◆ Exercise details ◆
Could you set down every entry exactly as it stands, without the images?

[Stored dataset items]
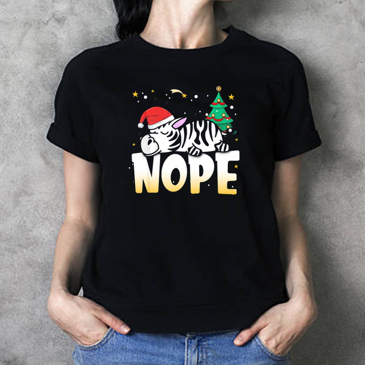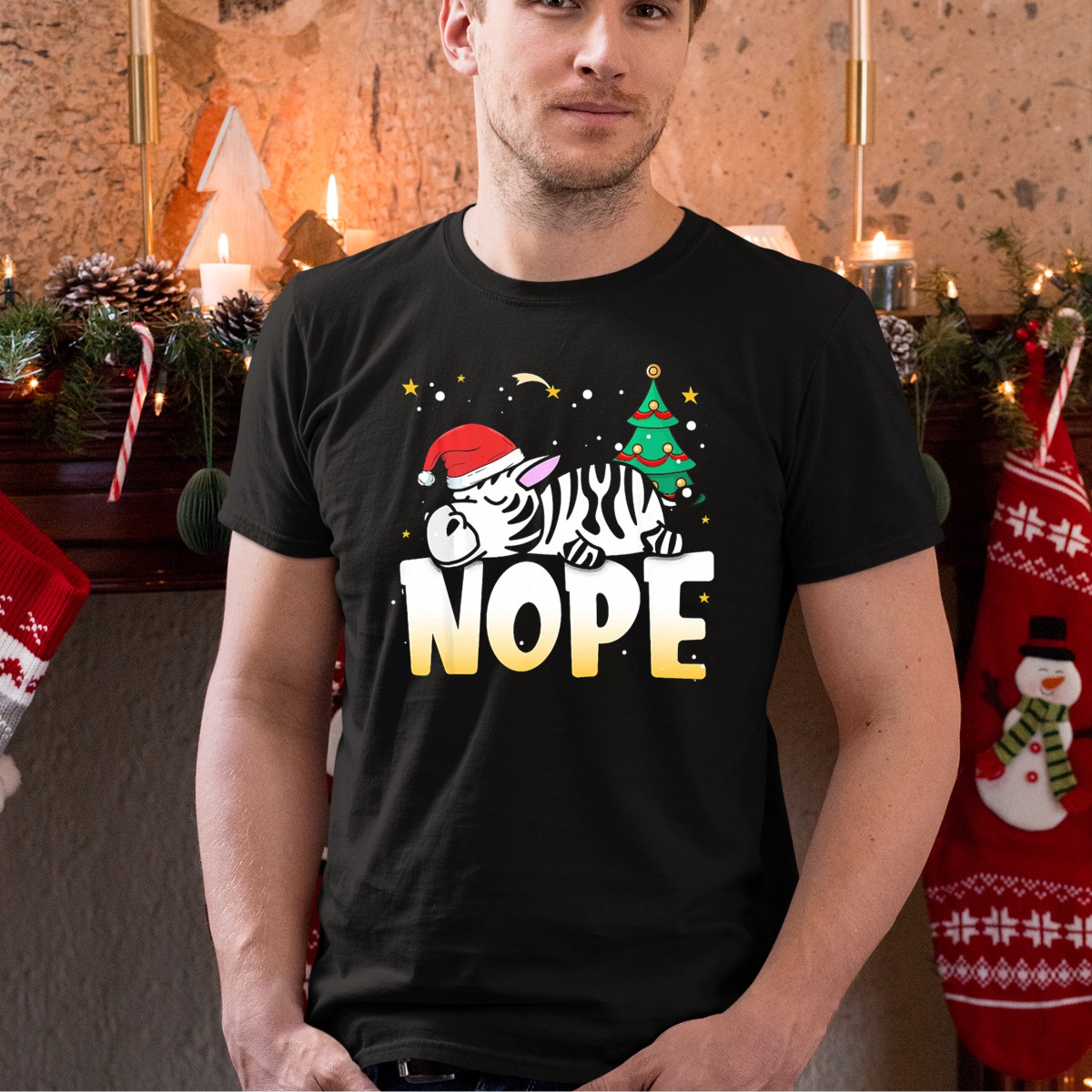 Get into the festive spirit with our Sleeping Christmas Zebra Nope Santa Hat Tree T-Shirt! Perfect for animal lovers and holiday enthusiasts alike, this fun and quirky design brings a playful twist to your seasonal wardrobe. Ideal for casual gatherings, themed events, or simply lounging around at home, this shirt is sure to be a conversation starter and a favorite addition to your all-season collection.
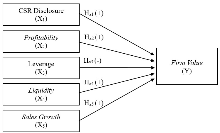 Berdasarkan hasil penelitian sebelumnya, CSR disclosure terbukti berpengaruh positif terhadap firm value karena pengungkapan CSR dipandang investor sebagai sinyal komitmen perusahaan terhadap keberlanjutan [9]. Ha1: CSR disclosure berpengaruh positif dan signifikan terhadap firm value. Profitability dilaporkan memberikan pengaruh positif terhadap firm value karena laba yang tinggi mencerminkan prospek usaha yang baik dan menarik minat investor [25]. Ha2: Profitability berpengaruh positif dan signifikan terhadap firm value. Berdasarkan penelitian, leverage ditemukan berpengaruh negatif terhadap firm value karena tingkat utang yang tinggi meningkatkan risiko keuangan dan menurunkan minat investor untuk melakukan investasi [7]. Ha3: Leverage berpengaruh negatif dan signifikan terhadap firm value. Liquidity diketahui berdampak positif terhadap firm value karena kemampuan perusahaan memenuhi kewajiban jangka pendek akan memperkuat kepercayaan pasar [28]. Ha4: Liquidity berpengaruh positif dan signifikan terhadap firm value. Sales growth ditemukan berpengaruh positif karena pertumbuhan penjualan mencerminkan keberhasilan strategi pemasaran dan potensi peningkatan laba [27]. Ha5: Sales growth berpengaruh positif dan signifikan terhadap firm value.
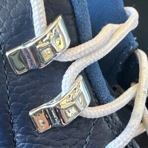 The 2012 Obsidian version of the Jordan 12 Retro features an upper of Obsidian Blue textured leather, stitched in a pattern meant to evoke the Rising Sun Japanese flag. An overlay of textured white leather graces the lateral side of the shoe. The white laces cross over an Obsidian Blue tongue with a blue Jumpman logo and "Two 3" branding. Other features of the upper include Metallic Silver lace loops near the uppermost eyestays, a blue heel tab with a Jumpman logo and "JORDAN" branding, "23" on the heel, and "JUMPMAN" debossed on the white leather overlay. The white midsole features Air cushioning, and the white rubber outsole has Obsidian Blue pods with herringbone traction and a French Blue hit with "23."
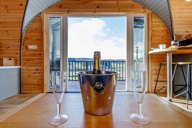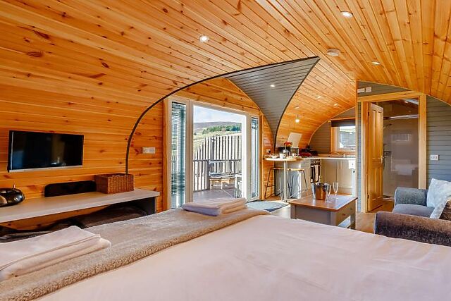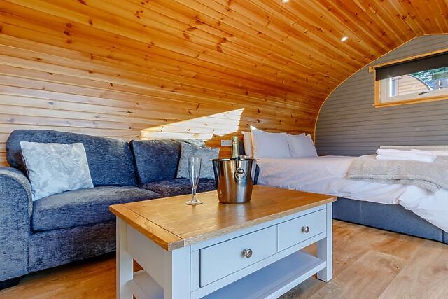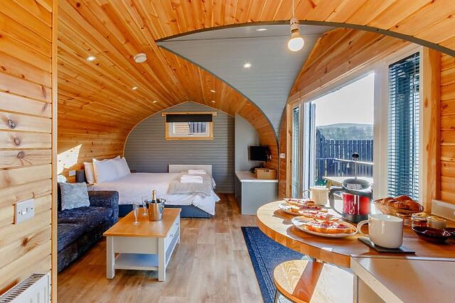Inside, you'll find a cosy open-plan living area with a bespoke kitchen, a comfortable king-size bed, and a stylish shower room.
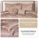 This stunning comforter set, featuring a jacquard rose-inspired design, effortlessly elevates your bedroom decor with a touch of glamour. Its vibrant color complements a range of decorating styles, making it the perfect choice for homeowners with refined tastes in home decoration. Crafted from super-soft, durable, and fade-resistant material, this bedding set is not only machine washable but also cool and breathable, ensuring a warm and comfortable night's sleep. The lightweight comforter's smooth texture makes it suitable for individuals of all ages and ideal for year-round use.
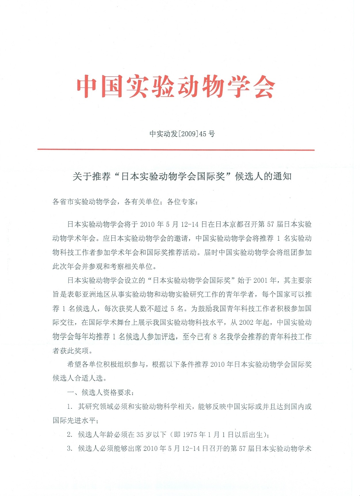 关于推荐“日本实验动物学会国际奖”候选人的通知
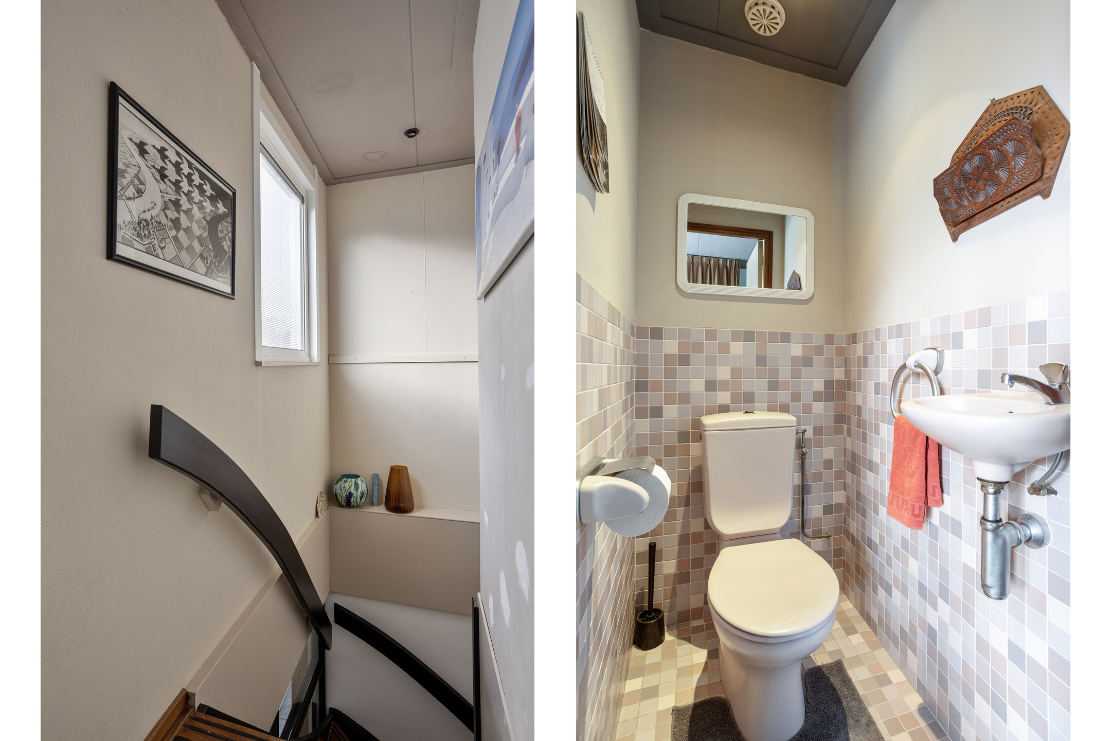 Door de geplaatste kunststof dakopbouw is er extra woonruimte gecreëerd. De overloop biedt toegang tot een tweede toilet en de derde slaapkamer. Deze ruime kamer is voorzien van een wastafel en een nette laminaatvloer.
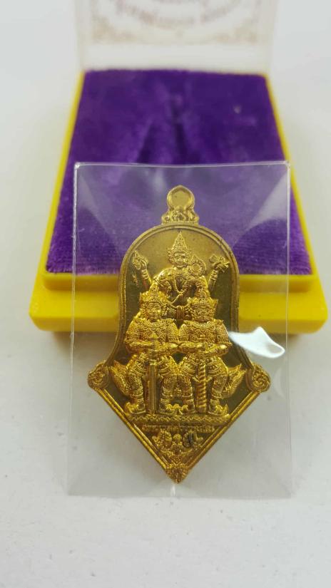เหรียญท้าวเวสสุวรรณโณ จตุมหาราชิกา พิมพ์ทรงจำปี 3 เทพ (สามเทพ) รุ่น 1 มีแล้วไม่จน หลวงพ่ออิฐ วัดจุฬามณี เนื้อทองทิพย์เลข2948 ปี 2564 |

◆ Exercise solution ◆
 Get into the festive spirit with our Sleeping Christmas Zebra Nope Santa Hat Tree T-Shirt! Perfect for animal lovers and holiday enthusiasts alike, this fun and quirky design brings a playful twist to your seasonal wardrobe. Ideal for casual gatherings, themed events, or simply lounging around at home, this shirt is sure to be a conversation starter and a favorite addition to your all-season collection.
 Berdasarkan hasil penelitian sebelumnya, CSR disclosure terbukti berpengaruh positif terhadap firm value karena pengungkapan CSR dipandang investor sebagai sinyal komitmen perusahaan terhadap keberlanjutan [9]. Ha1: CSR disclosure berpengaruh positif dan signifikan terhadap firm value. Profitability dilaporkan memberikan pengaruh positif terhadap firm value karena laba yang tinggi mencerminkan prospek usaha yang baik dan menarik minat investor [25]. Ha2: Profitability berpengaruh positif dan signifikan terhadap firm value. Berdasarkan penelitian, leverage ditemukan berpengaruh negatif terhadap firm value karena tingkat utang yang tinggi meningkatkan risiko keuangan dan menurunkan minat investor untuk melakukan investasi [7]. Ha3: Leverage berpengaruh negatif dan signifikan terhadap firm value. Liquidity diketahui berdampak positif terhadap firm value karena kemampuan perusahaan memenuhi kewajiban jangka pendek akan memperkuat kepercayaan pasar [28]. Ha4: Liquidity berpengaruh positif dan signifikan terhadap firm value. Sales growth ditemukan berpengaruh positif karena pertumbuhan penjualan mencerminkan keberhasilan strategi pemasaran dan potensi peningkatan laba [27]. Ha5: Sales growth berpengaruh positif dan signifikan terhadap firm value.
 The 2012 Obsidian version of the Jordan 12 Retro features an upper of Obsidian Blue textured leather, stitched in a pattern meant to evoke the Rising Sun Japanese flag. An overlay of textured white leather graces the lateral side of the shoe. The white laces cross over an Obsidian Blue tongue with a blue Jumpman logo and "Two 3" branding. Other features of the upper include Metallic Silver lace loops near the uppermost eyestays, a blue heel tab with a Jumpman logo and "JORDAN" branding, "23" on the heel, and "JUMPMAN" debossed on the white leather overlay. The white midsole features Air cushioning, and the white rubber outsole has Obsidian Blue pods with herringbone traction and a French Blue hit with "23."
Inside, you'll find a cosy open-plan living area with a bespoke kitchen, a comfortable king-size bed, and a stylish shower room.
 This stunning comforter set, featuring a jacquard rose-inspired design, effortlessly elevates your bedroom decor with a touch of glamour. Its vibrant color complements a range of decorating styles, making it the perfect choice for homeowners with refined tastes in home decoration. Crafted from super-soft, durable, and fade-resistant material, this bedding set is not only machine washable but also cool and breathable, ensuring a warm and comfortable night's sleep. The lightweight comforter's smooth texture makes it suitable for individuals of all ages and ideal for year-round use.
 关于推荐“日本实验动物学会国际奖”候选人的通知
 Door de geplaatste kunststof dakopbouw is er extra woonruimte gecreëerd. De overloop biedt toegang tot een tweede toilet en de derde slaapkamer. Deze ruime kamer is voorzien van een wastafel en een nette laminaatvloer.
เหรียญท้าวเวสสุวรรณโณ จตุมหาราชิกา พิมพ์ทรงจำปี 3 เทพ (สามเทพ) รุ่น 1 มีแล้วไม่จน หลวงพ่ออิฐ วัดจุฬามณี เนื้อทองทิพย์เลข2948 ปี 2564 |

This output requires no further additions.